I need to execute a SELECT statement thousands of times. I have a list of 700,000 unique numbers on an excel sheet. I am using openpyxl to iterate through the excel sheet, and execute a select statement with the unique number for each row, and writing the results back to excel.
Currently, this is taking approx 50 seconds per 1000 rows, so at this rate, it will take almost 10 hours to finish.
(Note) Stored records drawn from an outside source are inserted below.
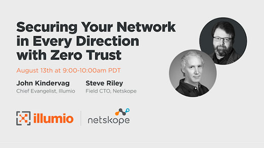 Nach dieser Diskussion nehmen Sie an einem Gespräch zwischen Haider Jarral, Lead Technologist bei Illumio, und Gary Jenkins, Principal Solutions Architect bei Netskope, darüber teil, wie die Integration von Illumio und Netskope es Netzwerk- und Sicherheitsteams ermöglicht, Zero-Trust-Richtlinien zu erstellen, die den Zugriff am Perimeter eines Unternehmens und innerhalb seiner hybriden Multi-Cloud-Infrastruktur konsistent sichern.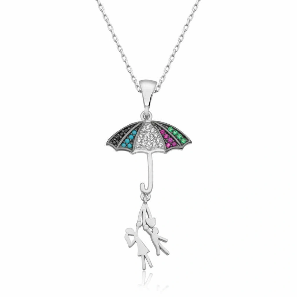 Gümüş Şemsiye Tutan Aşıklar Kadın Kolye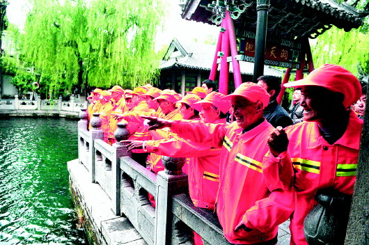 考虑到环卫工常年与垃圾打交道,工作环境相对艰苦,且工资待遇较低,加之年龄普遍偏大,很少有机会外出游玩。在劳动节期间,本报特意为环卫工人打开趵突泉公园的大门,为环卫工人过了一个特殊的节日。
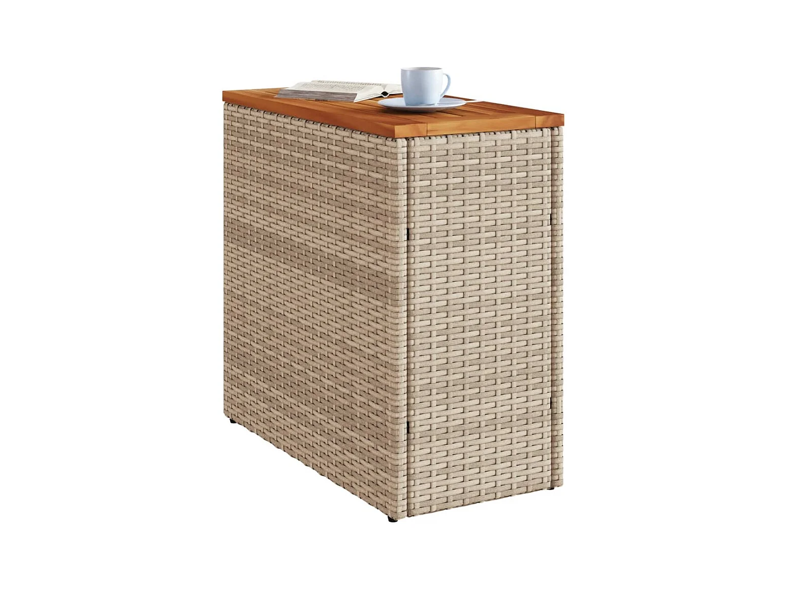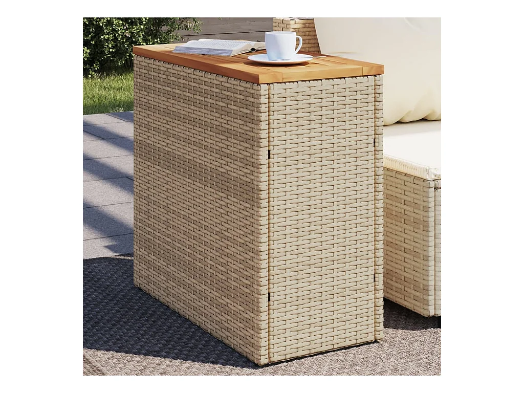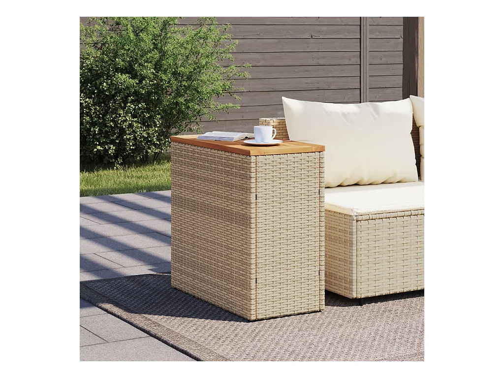 Table de jardin beige 70x70x25 cm résine tressée et bois acacia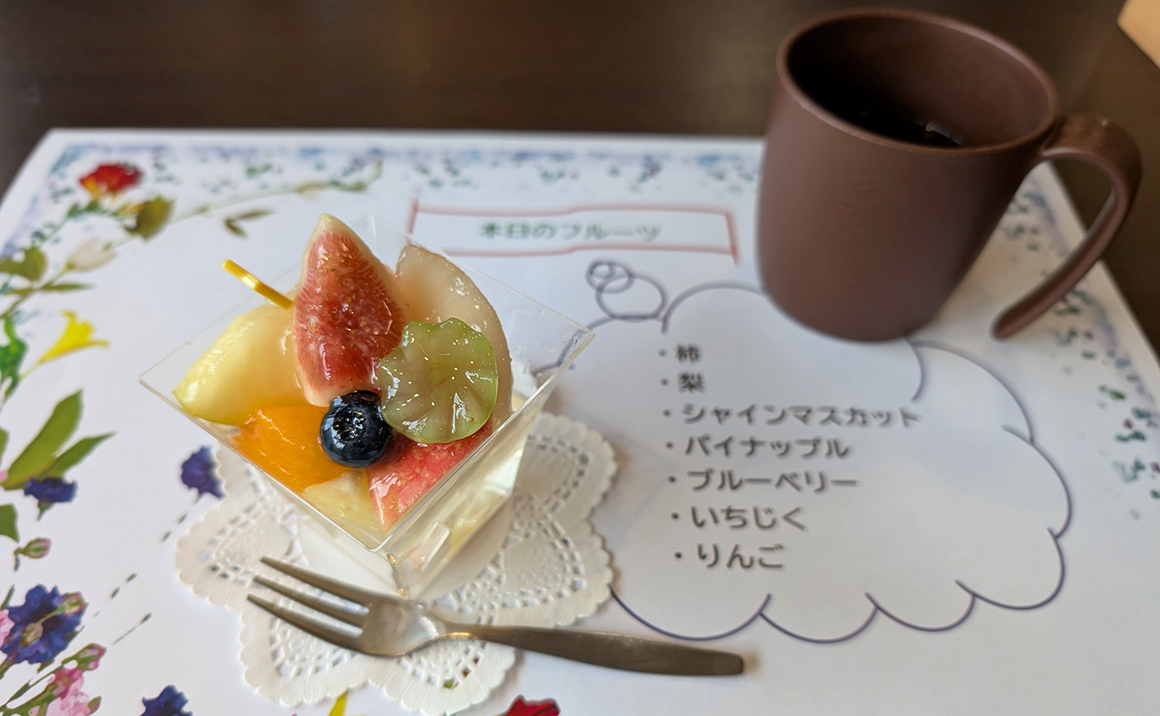 コンシェルジュによる有料レクリエーションでフルーツのお取り寄せをいたしました。 キムラフルーツで季節のフルーツをお願いしました。 柿、梨、シャインマスカット、イチジクなど季節の果物をいれていただき、見た目も鮮やかで宝石のようでした。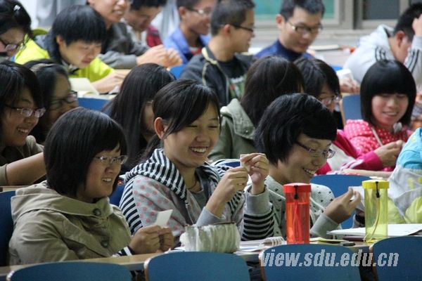 2012级辅导员李进主讲。讲座开始,李进首先提出三个问题:大学是什么?大学可以给你什么?你来大学做什么?同学们就这三个问题展开积极思考与讨论,李进总结学生发言,说明大学是一段浪漫的人生,是进入社会的门槛,也是一次考验。她结合学校的人格培育工程,历数了几种典型的大学生现象,提出“大学第一年应该怎样度过”的问题,进一步引起同学们的思考。讲座中,李进向同学们讲述了自己的大学经历,鼓励同学们在新的环境中要树立信心。李进还与同学一同做了撕纸游戏,在游戏互动中,同学们更加认识到人生的短暂,表示要珍惜时间,及早奋斗。随后,李进放映了由她本人参与制作的山东大学2012届毕业生专题影片《流年》,希望大家能以新生的眼光看待毕业生对大学生活的所思与所感。影片精彩深刻,使在场同学深受感染。最后,李进就大学适应问题提供了很多建议,告诫同学们要学会生活、学会学习、学会交往、学会做人,并分别从学习、职业、生活三方面进行了详细的讲解与指导,鼓励大家从大一起就要做好职业生涯规划。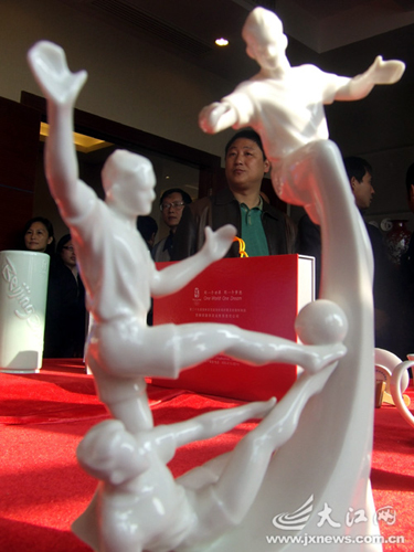 8日,“北京2008年奧運(yùn)會特許商品·景德鎮(zhèn)陶瓷新品發(fā)布會暨訂貨會”在景德鎮(zhèn)市舉行,73款由景德鎮(zhèn)市生產(chǎn)的陶瓷新品首次整體亮相。與會人士紛紛表示,景德鎮(zhèn)生產(chǎn)的陶瓷新品創(chuàng)意新穎、設(shè)計獨特,充分展現(xiàn)了中國獨特的奧運(yùn)文化。此間陶瓷業(yè)內(nèi)人士表示,搭上奧運(yùn)經(jīng)濟(jì)快車的景德鎮(zhèn)陶瓷,將獲得一次質(zhì)的飛躍。

There has to be a better way.
import pyodbc
import openpyxl
import datetime
wb = openpyxl.load_workbook('doc.xlsx')
ws = wb.active
conn = pyodbc.connect(f'Driver=driver_name; '
'Server=192.168.1.111\Server,1433;'
'pool_pre_ping=True;'
'pool_recycle=3600;'
'UID=user;'
'PWD=pass;',
timeout=1
)
cursor = conn.cursor()
now = datetime.datetime.now()
for row in range(2,704246):
results = ''
number= ws.cell(row=row, column=1).value
sql = f"SELECT col1, col2 FROM database WHERE col3 = '{number}'"
matches = cursor.execute(sql).fetchall()
for x, y in enumerate(matches):
result = str(y[0]) + ' & ' + str(y[1])
if x == 0:
results = result
else:
results = results + f', {result}'
if row % 1000 == 0:
print(f'Row = {row}, time - {datetime.datetime.now() - now}')
ws.cell(row=row, column=2).value = results
wb.save('doc.xlsx')
print('DONE')